В ответ Лэри пожал плечами и не проронил ни слова. На некоторое время возле костра воцарилось молчание.
А потом рыжая девчонка сочувственно посмотрела на Сигге и вдруг хихикнула. Тут-то наконец до него и дошло: да не поняли ирландский рыбак и его дочка ничего из его мудреных слов! И тогда, так и не придумав более доступного объяснения, Сигге поспешно подытожил:
— Ты подожди немного, почтенный Лэри. Скоро у нас все корабли и против ветра, и в штиль ходить научатся — без весел, без парусов!
Лэри недоверчиво хмыкнул, однако кивнул. И, так ничего и не сказав, подбросил хворосту в огонь.
До самого рассвета пес прослонялся по ближним окрестностям — на глаза не попадался, но, судя по всему, и далеко тоже не отходил. Поутру Лэри тихонько свистнул — и он тут же объявился, белым призраком вынырнув из кустарника. Вид пес имел довольный-предовольный: маленькие глазки прямо-таки излучали добродушие, а увешанный репьями чуть загнутый вверх хвост гордо раскачивался из стороны в сторону. Вот только длинная свалявшаяся шерсть на его морде была основательно перемазана чем-то бурым, подозрительно похожим на засохшую кровь.
Глянув на пса, Лэри загадочно хмыкнул, однако ничего не сказал.

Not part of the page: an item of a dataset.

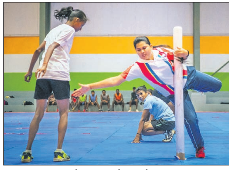
ଗ୍ରେନି ଅବସରରେ ମହିଳା ଖେଳାଳିମାନେ ।

ଭୁବନେଶ୍ୱର, ୨୦୧୯ (କ୍ରୀଡ଼ା ପ୍ରତିନିଧି) ଜାତୀୟ ଭୂମିୟର ଖୋ ଖୋ ଚାମ୍ପିୟନଶିପ୍‌ର ୪୦ତମ ସଂସ୍କରଣ ଓଡ଼ିଶାରେ ଆୟୋଜନ ହେବ । ଏହା ଚଳିତମାସ ୨୨ରୁ ୨୬ ପର୍ଯ୍ୟନ୍ତ ଅନୁଷ୍ଠିତ ହେବ । ଏଥିରେ ବିଭିନ୍ନ ରାଜ୍ୟ ଓ କେନ୍ଦ୍ର ଶାସିତ ଅଞ୍ଚଳରୁ ୬୦୦ରୁ ଊର୍ଦ୍ଧ୍ୱ ପ୍ରତିଯୋଗୀ ଅଂଶଗ୍ରହଣ କରିବେ । ଉଭୟ ବାଳିକା ଓ ବାଳକ ବିଭାଗରେ ପ୍ରତିଯୋଗିତା ହେବ । ଉଭୟ ବାଳିକା ଓ ବାଳକ ବର୍ଗରେ ଅଂଶଗ୍ରହଣକାରୀ ଦଳଗୁଡ଼ିକୁ ୮ଟି ଭୂମିୟର ବିଭକ୍ତ କରାଯାଇଛି । ଭୂମିୟର ପରେ ନକ୍ସାଭିତ୍ତିକ ମ୍ୟାଚ ଅନୁଷ୍ଠିତ ହୋଇ ବିଭେଦ ନିଶ୍ଚିତ ହେବ । ଆୟୋଜକ ଓଡ଼ିଶା ବାଳକ ବର୍ଗରେ ଭୂମିୟର ବିଭାଗ, ବିହାର, ମଧ୍ୟପ୍ରଦେଶ ଓ ଦେଲହାସ ସହିତ ସ୍ଥାନ ପାଇଛି । ବାଳିକା ବିଭାଗରେ ଓଡ଼ିଶା ଭୂମିୟର ଆକ୍ଷ ପ୍ରଦେଶ, ମିଶିପୁର ଓ କର୍ଣ୍ଣାଟକର ସହିତ ରହିଛି । ଆସନ୍ତା ବର୍ଷ ହରିୟାଣାର ପଞ୍ଚକୂଳାଠାରେ ୪୧ ଖେଳୋ ଇଣ୍ଡିଆ ଯୁବ ଗେମ୍ ଅନୁଷ୍ଠିତ ହେବ । ତେଣୁ ଆଗାମୀ ଜାତୀୟ ଚାମ୍ପିୟନଶିପ୍ ଯୋଗ୍ୟ ପର୍ଯ୍ୟାୟରୁ ଦୁର୍ଗାମେଖାଦେବ ବିବେଚିତ ହେବ । ଓଡ଼ିଶା

А тот уселся рядом с хозяином, смачно облизнулся и широко зевнул, показав крупные желтоватые клыки.
Пока куррах волокли к воде, он так и сидел возле погасшего костра — неподвижно, как статуя, не спуская взгляда с суетившихся людей. Но стоило курраху закачаться на волнах — и пса словно расколдовали. Бесшумно, как огромная сова, он сорвался с места и в несколько прыжков долетел до линии прибоя, обдав ледяными брызгами ошеломленного Сигге. В следующий миг пес легко перемахнул через борт курраха, быстро отряхнулся и деловито направился к мачте. Пристроившись позади нее — на том же самом месте, что и вчера — он принялся сосредоточенно, с громким чавканьем вылизывать свою шерсть.
И снова лежали в ладонях Сигге отполированные рукоятки весел, снова сжималась и разжималась в такт гребкам дубленая бычья кожа под ногами, а едва поднявшееся над горизонтом солнце светило ему, сидевшему лицом к корме, прямо в глаза, заставляя щуриться. Исподволь Сигге любовался, как под рассветными лучами отсвечивали красной медью заплетенные в толстые косы волосы Нуалы.